Data extracts >>
- Opening Delimiter -
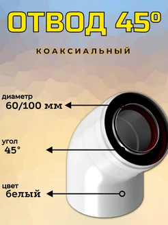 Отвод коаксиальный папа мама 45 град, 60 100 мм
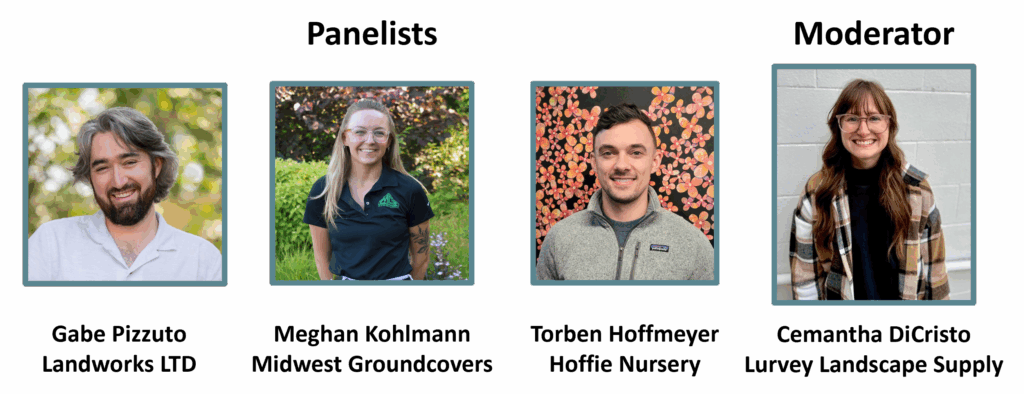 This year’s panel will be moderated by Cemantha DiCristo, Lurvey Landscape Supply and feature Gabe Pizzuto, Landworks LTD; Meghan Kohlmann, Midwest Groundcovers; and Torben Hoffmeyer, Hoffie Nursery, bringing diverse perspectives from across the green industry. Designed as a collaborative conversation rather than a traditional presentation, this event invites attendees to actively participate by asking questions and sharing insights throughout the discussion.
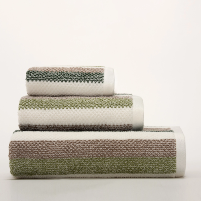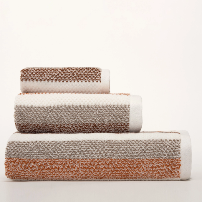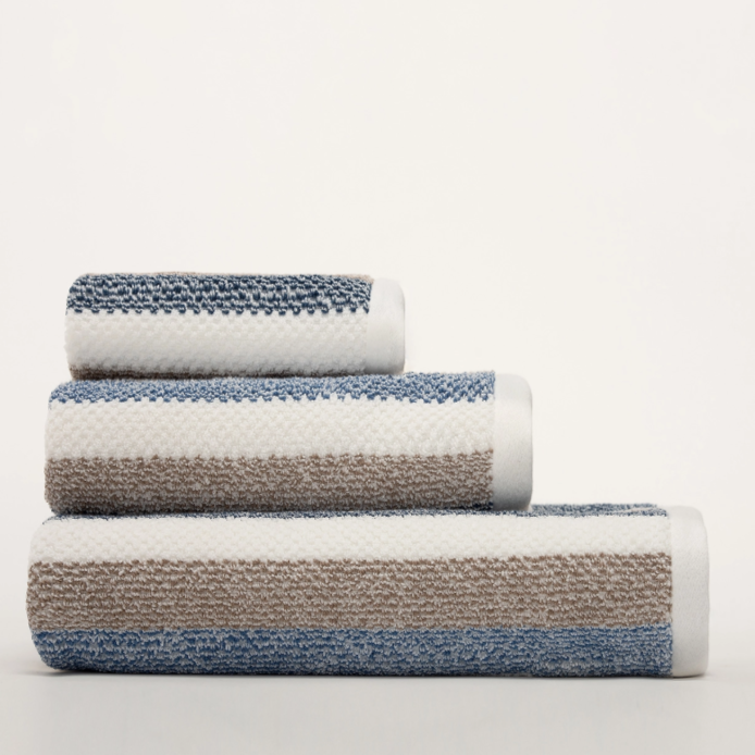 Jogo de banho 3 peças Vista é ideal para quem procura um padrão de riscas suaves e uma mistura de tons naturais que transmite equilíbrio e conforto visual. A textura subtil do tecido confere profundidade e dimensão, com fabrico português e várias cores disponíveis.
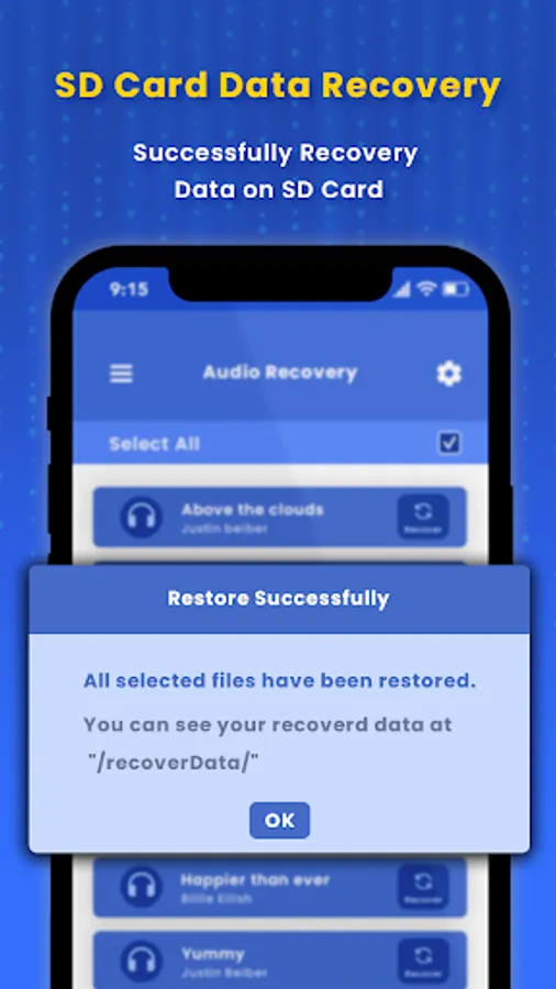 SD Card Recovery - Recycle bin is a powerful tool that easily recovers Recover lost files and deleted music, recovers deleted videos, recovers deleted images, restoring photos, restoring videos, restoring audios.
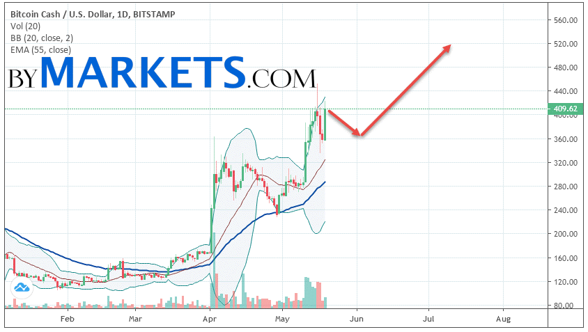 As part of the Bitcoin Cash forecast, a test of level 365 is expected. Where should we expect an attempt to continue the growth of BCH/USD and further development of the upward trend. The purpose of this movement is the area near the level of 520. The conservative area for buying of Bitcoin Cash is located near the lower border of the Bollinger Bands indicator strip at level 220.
- Closing Delimiter -
- Opening Delimiter -
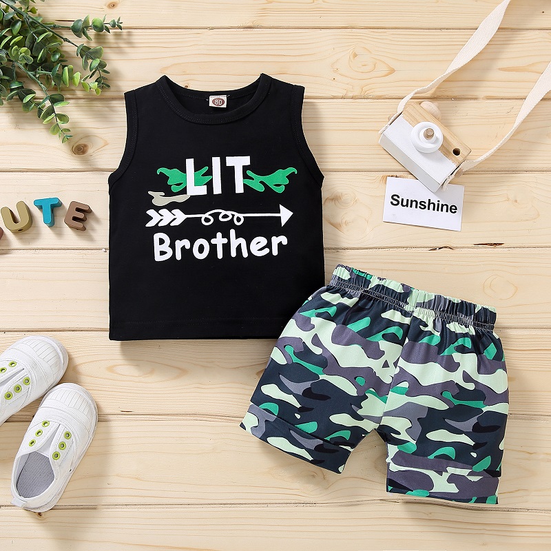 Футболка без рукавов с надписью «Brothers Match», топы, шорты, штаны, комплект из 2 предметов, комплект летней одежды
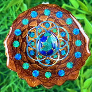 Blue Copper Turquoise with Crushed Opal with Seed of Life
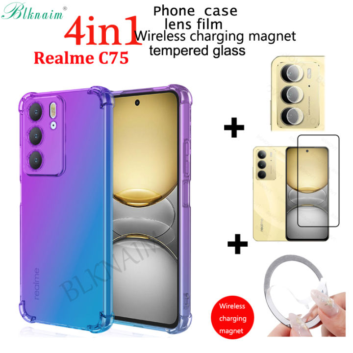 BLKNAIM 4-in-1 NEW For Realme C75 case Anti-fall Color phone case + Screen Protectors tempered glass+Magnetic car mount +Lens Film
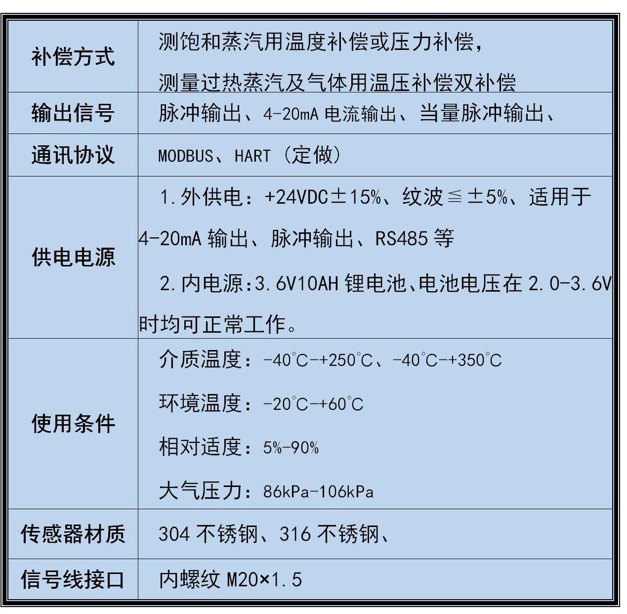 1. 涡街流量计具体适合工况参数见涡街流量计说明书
- Closing Delimiter -
- Opening Delimiter -
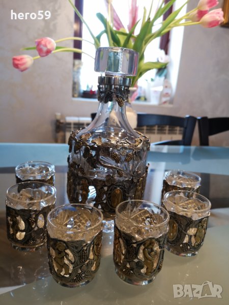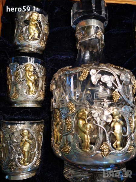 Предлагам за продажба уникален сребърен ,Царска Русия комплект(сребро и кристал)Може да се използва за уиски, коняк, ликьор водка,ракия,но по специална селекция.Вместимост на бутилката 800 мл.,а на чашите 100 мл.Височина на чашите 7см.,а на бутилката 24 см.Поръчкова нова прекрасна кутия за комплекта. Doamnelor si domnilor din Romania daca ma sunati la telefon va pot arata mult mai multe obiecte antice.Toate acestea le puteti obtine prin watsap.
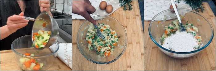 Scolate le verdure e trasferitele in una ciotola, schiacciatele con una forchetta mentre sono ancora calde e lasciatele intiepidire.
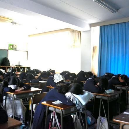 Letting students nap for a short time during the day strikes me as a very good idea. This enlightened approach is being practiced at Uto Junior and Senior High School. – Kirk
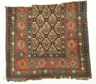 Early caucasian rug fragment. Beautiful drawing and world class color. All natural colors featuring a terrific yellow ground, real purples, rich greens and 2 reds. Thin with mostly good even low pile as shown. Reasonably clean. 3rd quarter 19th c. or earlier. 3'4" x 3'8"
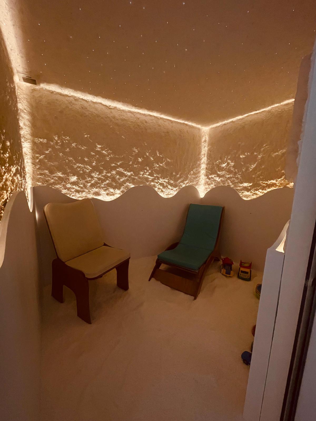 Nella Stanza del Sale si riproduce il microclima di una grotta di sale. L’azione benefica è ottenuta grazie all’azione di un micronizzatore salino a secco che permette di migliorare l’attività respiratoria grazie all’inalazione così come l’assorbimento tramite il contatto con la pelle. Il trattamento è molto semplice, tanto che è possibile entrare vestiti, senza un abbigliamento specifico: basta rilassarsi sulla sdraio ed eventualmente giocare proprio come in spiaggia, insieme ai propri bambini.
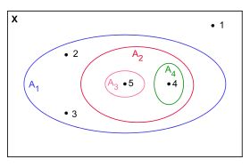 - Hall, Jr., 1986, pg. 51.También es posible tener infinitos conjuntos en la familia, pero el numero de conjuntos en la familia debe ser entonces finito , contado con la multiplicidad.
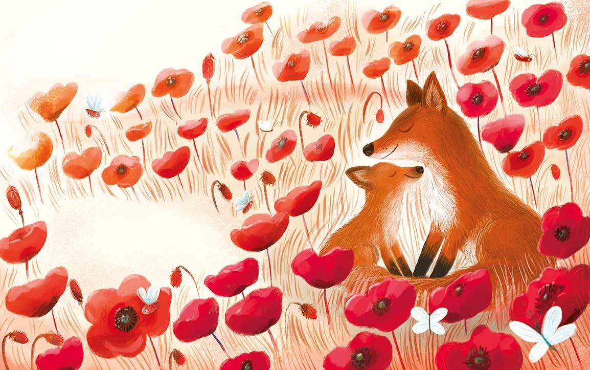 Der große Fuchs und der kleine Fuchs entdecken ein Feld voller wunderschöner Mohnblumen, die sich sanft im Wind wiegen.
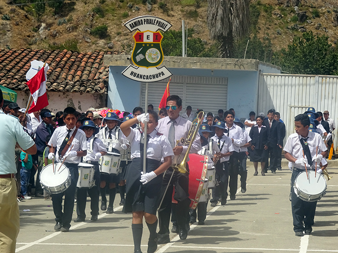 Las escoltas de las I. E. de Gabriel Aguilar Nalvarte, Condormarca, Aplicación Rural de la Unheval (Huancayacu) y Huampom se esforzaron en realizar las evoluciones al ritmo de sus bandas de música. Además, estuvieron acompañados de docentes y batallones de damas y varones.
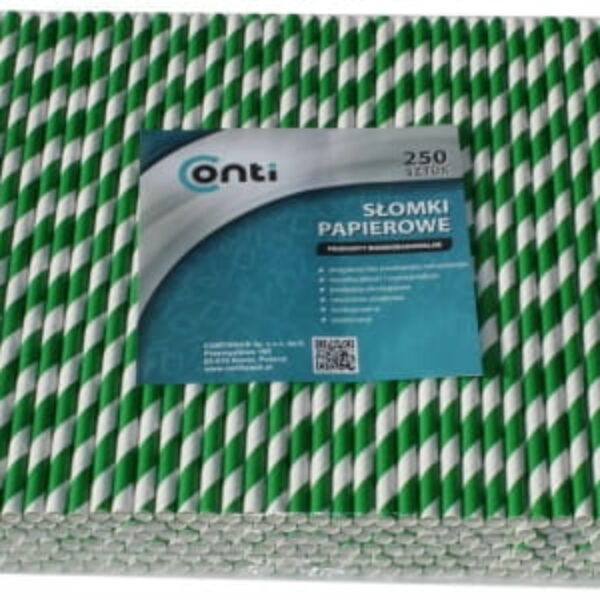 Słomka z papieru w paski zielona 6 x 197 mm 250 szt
- Closing Delimiter -
Everything from the line with "Предлагам за продажба" through the line with "Early caucasian rug" in the material above should be transcribed exactly, except the pictures.

Result for this exercise >>
 Предлагам за продажба уникален сребърен ,Царска Русия комплект(сребро и кристал)Може да се използва за уиски, коняк, ликьор водка,ракия,но по специална селекция.Вместимост на бутилката 800 мл.,а на чашите 100 мл.Височина на чашите 7см.,а на бутилката 24 см.Поръчкова нова прекрасна кутия за комплекта. Doamnelor si domnilor din Romania daca ma sunati la telefon va pot arata mult mai multe obiecte antice.Toate acestea le puteti obtine prin watsap.
 Scolate le verdure e trasferitele in una ciotola, schiacciatele con una forchetta mentre sono ancora calde e lasciatele intiepidire.
 Letting students nap for a short time during the day strikes me as a very good idea. This enlightened approach is being practiced at Uto Junior and Senior High School. – Kirk
 Early caucasian rug fragment. Beautiful drawing and world class color. All natural colors featuring a terrific yellow ground, real purples, rich greens and 2 reds. Thin with mostly good even low pile as shown. Reasonably clean. 3rd quarter 19th c. or earlier. 3'4" x 3'8"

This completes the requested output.